Imagine being in a room full of women and men who deeply care about and understand women’s advancement in society—advancement at work, at home, in their social environment, in their own selves. It was like being at a concert and singing each song with not just your voice, but with all the voices around you, too. The music reaching the sky. An endless symphony of possibility.

Here are my takeaways from this incredibly touching experience:

  • First, it is important that you focus on the seat at the table and find your voice. Then you must do something else: get a loudspeaker. Having a voice is an essential part of the equation. Try to be heard beyond the walls, borders, and barriers and reach those who need to hear you so that they will break into the room and start singing with you

  • When women’s voices and stories spread across the air, they turn into a choir, and the feeling of belonging and freedom is immense. I did feel this on my skin when we were all in the conference room, hundreds of us, all geared towards changing the future, ready to have an impact

  • Vulnerability, anger, empathy, and passion are incredibly powerful traits of every human being. Sadly, they have been negatively attributed to women for centuries, and we are now finally seeing a change in the narrative. Soraya Chemaly, author and journalist, gave us a powerful revelation of the disastrous effects of social construction of anger on women

  • Many talks left a scar on me. The experience of other people’s suffering in extreme circumstances took the stage and left many of us speechless. They told stories far and near, but all real and from planet Earth. It was painful but healing, too, for us as well as for those brave women “with the loudspeaker”; getting closer, suffering, sharing, and being aware are really the tools to become truly free. We should embrace all of these emotions and risk overexposure so that we are then able to move on and become more aware and empowered

  • Many if not all “women’s issues” are indeed people’s issues. What we need is what everyone needs. What we propose would benefit more than a half of the population!
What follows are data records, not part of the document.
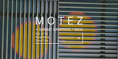 heads up y'all: this summer season, the Elsewhere Rooftop will be open all night on weekends space-permitting, so grab a frozen drink with a view of the skyline when you need a breather! if you've never been to our space, there is lots else to explore too! our parties are multi-room celebrations, featuring a very large cavernous warehouse hall and a cozy dance floor in the side room, plus a small hideaway lounge tucked into the 2nd floor. make sure to wander!-- 11PM - 4AMZONE ONE└ Motez (DJ Set)└└ Sammy Bananas└└└ MDG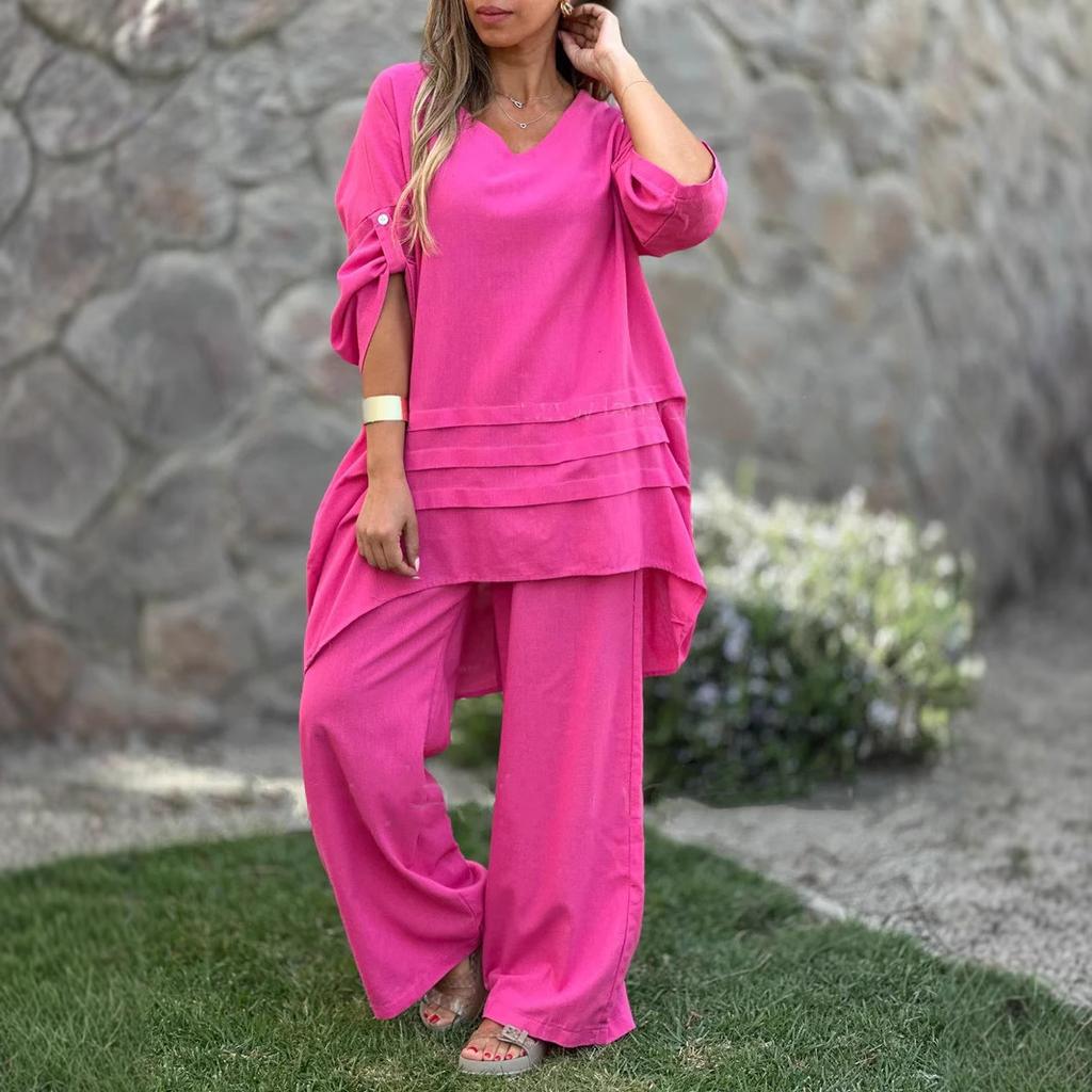 Spring New Women's Two-piece Shirt Set Plus-size Shirt Set High-waisted Loose Trousers
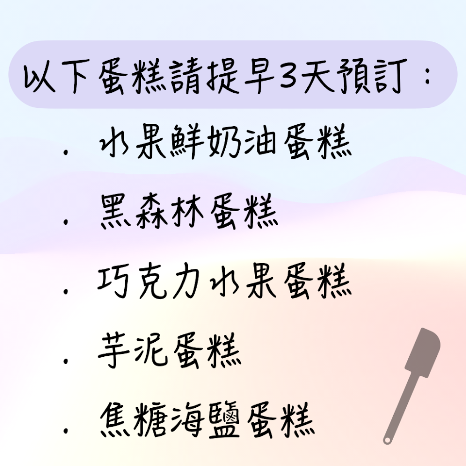 六吋水果芋泥蛋糕,水果品質佳,長輩喜歡蛋糕主體不會太甜,沒有過多鮮奶油是優點。連假期間願意臨時接單,工作室還能取貨這點大加分~未來有機會回購。
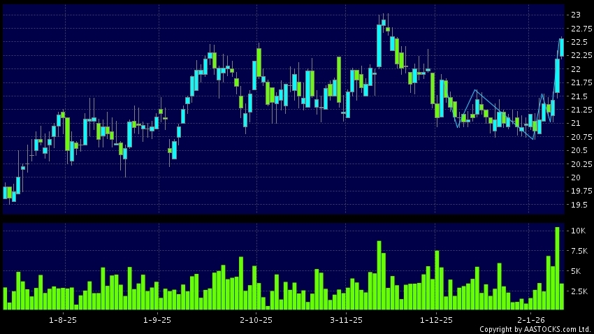 免责声明:以上金融市场数据丶报价丶图表 及/或各种技术分析指标乃根据公开资料分析和演释自动生成的,仅作参考使用。此类自动生成的内容并不代表AASTOCKS.com Limited的立场。AASTOCKS.com Limited并不保证其准确性丶完整性丶实时性或者正确性。阁下应谘询独立专业意见,以核实定价资料或获取更详细的市场信息及须为所有跟随此类自动生成的内容执行的交易或使用该内容负责。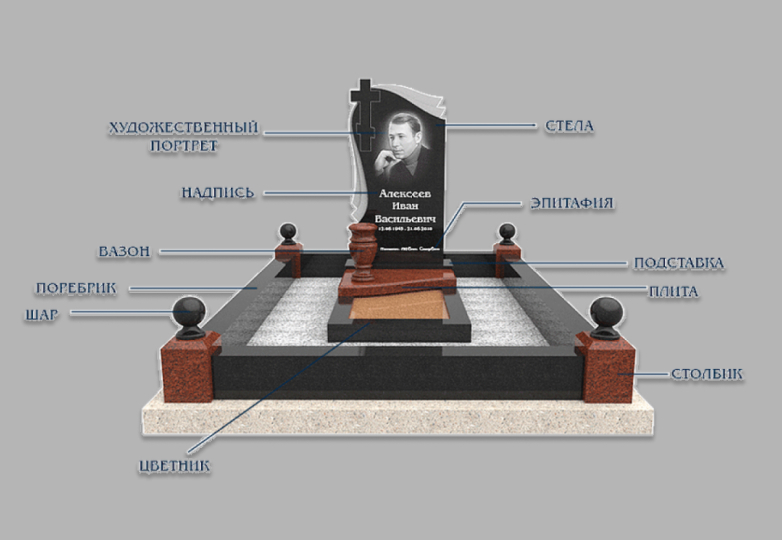 Мемориальные комплексы - это единая архитектурная композиция из гранитных изделий, включающая в себя ряд декоративных элементов, например: поребрик, надгробие, скамья, плитка, вазы и т. д.

Organizations should change the way they look at us in the workplace and ensure they hear our concerns and proposals so that they can then implement change for everyone.

  • So many journeys of self-discovery lead us to become the person that we needed and did not have when we were little, or the one we wish we had had by our side through hard times and never found. This shows how powerful our intentions can be once we decide to change things for the better.

  • Empathy is one of the driving forces of success, for those who practice it and for those who receive it. Tarana Burke, activist and founder of the #MeToo movement, based her talk on this golden rule.

  • Taking structural biologist Karissa Sanbonmatsu’s words, all in all we are women “trying to figure out what it means to be a woman.” It is important to know that each of us is responsible for our future story. Each of us.

I will pick up my loudspeaker and continue to relay that TEDWomen was an incredible experience, and I hope you get a loudspeaker and share your voice, too.